He wants to get paid 39,000 a year as president! The average working americans pay.

He DOES want to shut down all bases outside of the USA.  We are spending far to much money on them and there is NO point having them.  We can target and attack any place in the world within 45min....WHY DO WE NEED 900 bases around the world???

He is the only candidate that tells the TRUTH whether you like it or not.  He won't flip flop just to win your vote.   He has been preaching the SAME thing for 30+yrs!

You think his foreign policy is bad?  Well, most foreign policy experts agree with Ron Paul.  Our own CIA agrees that 9/11 was caused by blowback from our current foreign policy.  We are also 16trillion dollars in debt and cannot continue this.     Ask yourself this....WHY does the Armed Forces personnel donate Ron Paul more money than ALL OTHER CANDIDATES COMBINED!!! Including Obama!!! 

Ron Paul wants the strongest defense that USA armed forces has ever seen.

I could go on and on.  All of his policies make so much sense its crazy that no one would run at the chance to elect this man. 

But of course the media and establishment elite are doing anything and everything to make this man seem to be unelectable.  


Im sick of voting for the lesser of two evils.  No way in hell will i vote for Obama, Gingrich or Romney.  They are the SAME PERSON WITH DIFFERENT NAMES!!   Fuckkkkk that!  Bring me the honest man with some fucking principles!!!!(ron paul!)


----------



## Woodrow1 (Dec 26, 2011)

dgp said:


> I don???t think he plans on dismantling every base. He is simply against the US continuing to be an imperial power.  Don???t forget we fought  a revelation against such a thing.




He does want to get rid of the 900 bases outside of USA. 

We can attack any place in the world in less than an hour...so what is the point in having 900 bases outside of the USA?  

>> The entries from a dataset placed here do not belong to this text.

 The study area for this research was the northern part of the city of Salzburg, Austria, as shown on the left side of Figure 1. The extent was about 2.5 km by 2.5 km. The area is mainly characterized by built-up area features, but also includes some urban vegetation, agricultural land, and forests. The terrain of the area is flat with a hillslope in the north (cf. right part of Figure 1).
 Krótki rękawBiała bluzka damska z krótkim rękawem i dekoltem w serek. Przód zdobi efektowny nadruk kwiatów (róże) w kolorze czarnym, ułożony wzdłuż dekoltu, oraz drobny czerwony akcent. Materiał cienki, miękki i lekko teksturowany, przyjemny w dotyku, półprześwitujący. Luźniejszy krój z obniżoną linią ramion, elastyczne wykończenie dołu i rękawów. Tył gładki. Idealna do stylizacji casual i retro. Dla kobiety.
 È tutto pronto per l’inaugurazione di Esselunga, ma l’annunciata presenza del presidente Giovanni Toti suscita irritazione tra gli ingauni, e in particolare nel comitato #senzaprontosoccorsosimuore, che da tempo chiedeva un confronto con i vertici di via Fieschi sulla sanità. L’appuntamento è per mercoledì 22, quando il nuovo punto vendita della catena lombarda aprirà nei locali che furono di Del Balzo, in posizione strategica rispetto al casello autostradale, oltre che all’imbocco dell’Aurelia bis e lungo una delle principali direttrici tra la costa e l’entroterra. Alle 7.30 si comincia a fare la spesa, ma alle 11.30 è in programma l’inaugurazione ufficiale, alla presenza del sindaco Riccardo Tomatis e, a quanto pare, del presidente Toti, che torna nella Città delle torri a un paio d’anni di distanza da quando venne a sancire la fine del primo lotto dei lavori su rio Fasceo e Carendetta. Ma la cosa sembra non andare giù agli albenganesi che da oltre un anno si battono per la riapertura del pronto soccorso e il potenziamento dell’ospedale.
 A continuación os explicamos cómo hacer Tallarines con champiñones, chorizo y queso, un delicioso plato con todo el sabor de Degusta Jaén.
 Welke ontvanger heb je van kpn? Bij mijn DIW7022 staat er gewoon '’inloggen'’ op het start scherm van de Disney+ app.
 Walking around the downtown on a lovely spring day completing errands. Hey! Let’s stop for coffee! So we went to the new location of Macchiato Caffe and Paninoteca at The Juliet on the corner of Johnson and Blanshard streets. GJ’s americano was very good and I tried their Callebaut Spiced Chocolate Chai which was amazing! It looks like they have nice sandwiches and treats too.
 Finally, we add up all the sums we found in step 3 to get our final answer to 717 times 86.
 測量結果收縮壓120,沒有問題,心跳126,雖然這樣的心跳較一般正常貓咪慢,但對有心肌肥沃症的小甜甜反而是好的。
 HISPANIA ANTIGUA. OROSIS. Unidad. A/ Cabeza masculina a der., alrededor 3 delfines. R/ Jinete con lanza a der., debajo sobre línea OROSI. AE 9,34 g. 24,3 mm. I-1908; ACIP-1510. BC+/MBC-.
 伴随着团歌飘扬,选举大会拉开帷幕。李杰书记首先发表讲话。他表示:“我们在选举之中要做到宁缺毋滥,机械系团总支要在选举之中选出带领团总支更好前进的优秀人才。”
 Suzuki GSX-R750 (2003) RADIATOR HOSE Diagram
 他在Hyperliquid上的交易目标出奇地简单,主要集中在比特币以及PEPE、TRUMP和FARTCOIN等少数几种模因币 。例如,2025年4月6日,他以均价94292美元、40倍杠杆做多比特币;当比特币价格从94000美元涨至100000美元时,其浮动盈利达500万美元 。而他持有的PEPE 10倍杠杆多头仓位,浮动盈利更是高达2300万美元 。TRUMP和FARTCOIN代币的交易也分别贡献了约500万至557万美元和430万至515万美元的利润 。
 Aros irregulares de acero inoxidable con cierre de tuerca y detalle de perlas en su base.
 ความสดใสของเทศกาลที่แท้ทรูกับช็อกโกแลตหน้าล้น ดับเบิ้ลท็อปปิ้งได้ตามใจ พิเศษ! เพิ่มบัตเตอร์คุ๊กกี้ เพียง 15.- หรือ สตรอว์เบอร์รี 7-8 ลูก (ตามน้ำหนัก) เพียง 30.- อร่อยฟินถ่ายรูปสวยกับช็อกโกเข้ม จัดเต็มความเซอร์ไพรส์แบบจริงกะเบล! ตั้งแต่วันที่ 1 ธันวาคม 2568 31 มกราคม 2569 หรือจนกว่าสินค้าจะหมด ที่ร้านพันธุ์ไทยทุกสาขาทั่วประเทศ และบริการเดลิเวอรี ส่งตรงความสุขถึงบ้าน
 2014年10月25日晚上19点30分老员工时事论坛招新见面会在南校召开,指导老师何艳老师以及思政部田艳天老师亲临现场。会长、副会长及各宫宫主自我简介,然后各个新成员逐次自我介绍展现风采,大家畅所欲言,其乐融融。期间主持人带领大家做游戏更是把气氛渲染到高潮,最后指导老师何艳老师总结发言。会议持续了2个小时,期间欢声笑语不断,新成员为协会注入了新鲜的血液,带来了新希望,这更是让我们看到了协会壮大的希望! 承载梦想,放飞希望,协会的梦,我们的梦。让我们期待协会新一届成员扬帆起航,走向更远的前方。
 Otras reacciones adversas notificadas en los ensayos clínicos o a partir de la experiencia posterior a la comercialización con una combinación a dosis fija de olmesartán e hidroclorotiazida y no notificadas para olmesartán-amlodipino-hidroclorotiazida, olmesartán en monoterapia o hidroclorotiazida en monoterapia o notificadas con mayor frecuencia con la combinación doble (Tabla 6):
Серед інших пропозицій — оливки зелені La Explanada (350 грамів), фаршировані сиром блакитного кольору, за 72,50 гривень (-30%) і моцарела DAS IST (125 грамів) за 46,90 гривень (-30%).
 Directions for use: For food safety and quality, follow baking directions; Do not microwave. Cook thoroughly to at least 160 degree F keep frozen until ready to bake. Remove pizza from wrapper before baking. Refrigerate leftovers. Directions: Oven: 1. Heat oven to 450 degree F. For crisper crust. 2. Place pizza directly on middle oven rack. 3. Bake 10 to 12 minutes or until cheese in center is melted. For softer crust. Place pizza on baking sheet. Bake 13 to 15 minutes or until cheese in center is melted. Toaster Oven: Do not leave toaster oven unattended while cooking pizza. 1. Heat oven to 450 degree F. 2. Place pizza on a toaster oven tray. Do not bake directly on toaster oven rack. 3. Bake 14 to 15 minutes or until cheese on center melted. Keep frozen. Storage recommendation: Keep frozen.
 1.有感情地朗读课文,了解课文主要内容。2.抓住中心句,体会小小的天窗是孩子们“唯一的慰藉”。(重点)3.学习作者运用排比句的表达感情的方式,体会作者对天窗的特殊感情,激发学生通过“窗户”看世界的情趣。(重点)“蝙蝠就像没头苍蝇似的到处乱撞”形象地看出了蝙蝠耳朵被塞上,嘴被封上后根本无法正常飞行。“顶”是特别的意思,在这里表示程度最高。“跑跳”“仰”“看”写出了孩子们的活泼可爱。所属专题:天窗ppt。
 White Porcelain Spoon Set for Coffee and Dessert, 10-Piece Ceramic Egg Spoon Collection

We spend FAR to much on our military and wars.... this is why we are 16trillion in the hole!


----------



## Boomer182 (Dec 26, 2011)

Woodrow1 said:


> Ron Paul is the only one with REAL cuts to our over run spending! (which we need BAD)
> 
> He is the only candidate not bought and paid for by big corporations..  He gets ALL of his donations from small donations from normal people like you and I. (he won't accept special donations)
> 
> ...



That's pretty cool, but my concern is how he is going to treat us Christians, I'm just scared to vote someone in that might turn into the anti Christ. I'm all for America and I want us out of this bullshit debt we are in, I want us to be back to the Clinton America we once were. I think most people thought Obama was going to be that guy and well he is a joke. Ron Paul needs to make his stand on religion, is he for allow Christians to worship in peace or be like Obama and try and take all of our rights away?


----------



## Boomer182 (Dec 26, 2011)

Woodrow1 said:


> He does want to get rid of the 900 bases outside of USA.
> 
> We can attack any place in the world in less than an hour...so what is the point in having 900 bases outside of the USA?
> 
> We spend FAR to much on our military and wars.... this is why we are 16trillion in the hole!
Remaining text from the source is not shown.